Among the lines below, output only those between the line holding "Holly MacLean, Public" and the line holding "在港股,截至收盤,大眾公用(01635.", inclusive, exactly as written and with no pictures.

_Material for this exercise_.

-- Opening Marker --

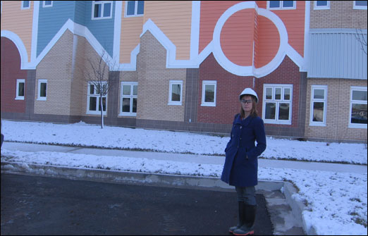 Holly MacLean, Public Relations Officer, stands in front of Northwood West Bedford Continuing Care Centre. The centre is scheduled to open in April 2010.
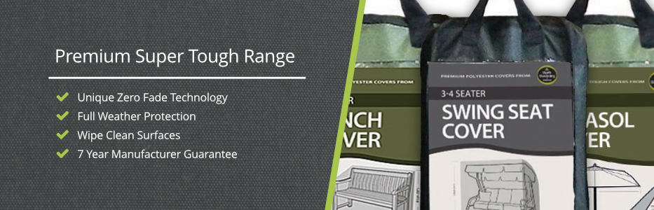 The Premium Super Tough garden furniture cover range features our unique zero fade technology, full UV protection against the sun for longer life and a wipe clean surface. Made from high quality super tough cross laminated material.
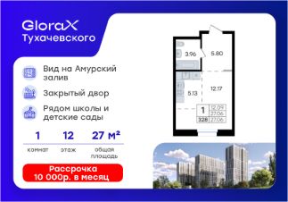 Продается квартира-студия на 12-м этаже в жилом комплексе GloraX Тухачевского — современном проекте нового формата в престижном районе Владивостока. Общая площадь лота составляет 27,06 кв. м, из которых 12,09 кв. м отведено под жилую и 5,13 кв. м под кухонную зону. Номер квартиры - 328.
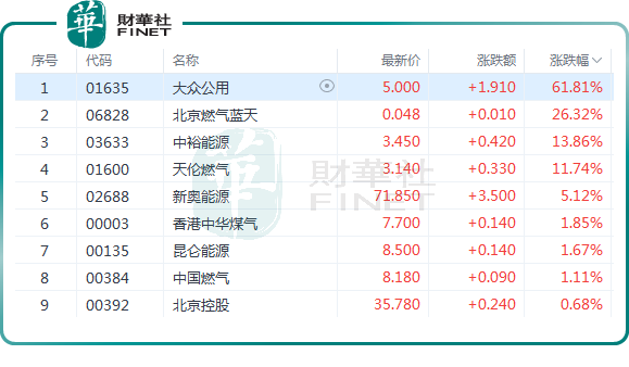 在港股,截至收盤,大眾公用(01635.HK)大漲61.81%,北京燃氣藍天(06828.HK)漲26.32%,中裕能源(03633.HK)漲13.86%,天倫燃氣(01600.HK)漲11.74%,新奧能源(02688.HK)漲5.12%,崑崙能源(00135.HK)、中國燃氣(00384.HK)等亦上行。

-- Closing Marker --
-- Opening Marker --

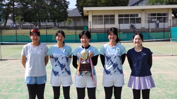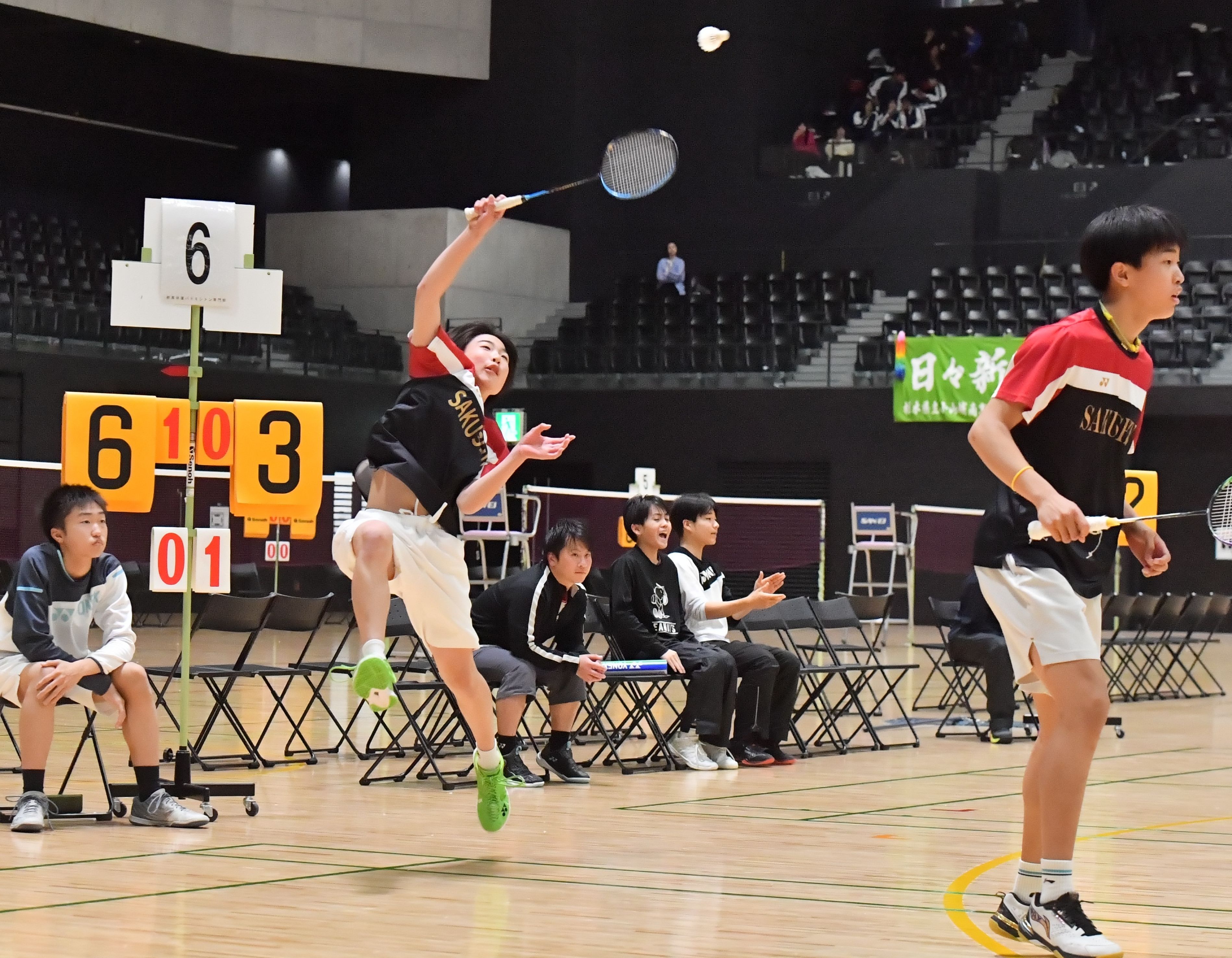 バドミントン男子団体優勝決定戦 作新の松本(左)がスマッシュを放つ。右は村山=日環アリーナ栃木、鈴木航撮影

-- Closing Marker --

_Your response_.
 Holly MacLean, Public Relations Officer, stands in front of Northwood West Bedford Continuing Care Centre. The centre is scheduled to open in April 2010.
 The Premium Super Tough garden furniture cover range features our unique zero fade technology, full UV protection against the sun for longer life and a wipe clean surface. Made from high quality super tough cross laminated material.
 Продается квартира-студия на 12-м этаже в жилом комплексе GloraX Тухачевского — современном проекте нового формата в престижном районе Владивостока. Общая площадь лота составляет 27,06 кв. м, из которых 12,09 кв. м отведено под жилую и 5,13 кв. м под кухонную зону. Номер квартиры - 328.
 在港股,截至收盤,大眾公用(01635.HK)大漲61.81%,北京燃氣藍天(06828.HK)漲26.32%,中裕能源(03633.HK)漲13.86%,天倫燃氣(01600.HK)漲11.74%,新奧能源(02688.HK)漲5.12%,崑崙能源(00135.HK)、中國燃氣(00384.HK)等亦上行。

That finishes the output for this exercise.